Facebook Doing Away With Background Location Trackers In Anticipation Of Regulatory Move

0
294
Facebook

Facebook is in for its biggest bulk erasure since November last year, as it stops tracking the location of users and deletes their location history. You can now rest assured that the big daddy of social media is in the process of taking a virtual vacuum cleaner to the crumbs you have left in the process of your social interaction.

Beginning later this month, it will be one long whoosh of deletion of the location accounts of all its users. Parent company Meta Platforms disclosed this significant piece of news discreetly through app prompts and mails, refraining from any public announcements.

One communication sent to users had news that Facebook was in the process of shutting down features that are reliant on background location trackers. One of them, Nearby Friends, was a 2014 option that Facebook used to notify you whenever a friend was in the vicinity. Localized weather alerts are also in the process of being shut down, though there are always better options.

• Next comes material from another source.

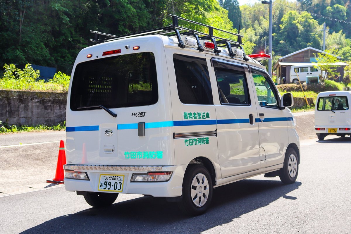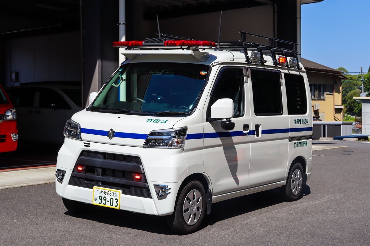 竹田市消防本部 竹田市消防署 軽救急車"竹消救急3" 令和4年配備の軽救急車で 艤装は消防防災となっています。 大分県で初導入となった個体で ご当地ナンバーを装着しています。 臼杵と同様にルーフキャリアを装備。 高規格救急と区別する為に青帯を採用。 pic.x.com/4ApcF7LXmb

Facebook’s Data Used By Authorities To Intrude On Individual Privacy Bypassing Established Rules And Principles

The message from Facebook only notified that apps on the platform would no longer record background data after May. The company will start deleting the location history of users after August 1.

This would amount to the biggest bulk erasure initiated by Facebook of its data since it decided in November last year that it would shut the facial recognition feature, and also wipe all the databases linked to it.

A spokesperson for Meta announced through an email that the low usage of these features prompted the company to shut them down.

The move was welcomed by privacy advocates/ Dhanaraj Thakur said that it was a good move by the app to stop collecting such intensely private data.

 Dhanaraj Thakur of the Center for Democracy and Technology had earlier co-written a report in December that outlined how intelligence agencies and law enforcement authorities buy such location data to get around the requirements of established rules and principles, impinging on individual privacy and freedom.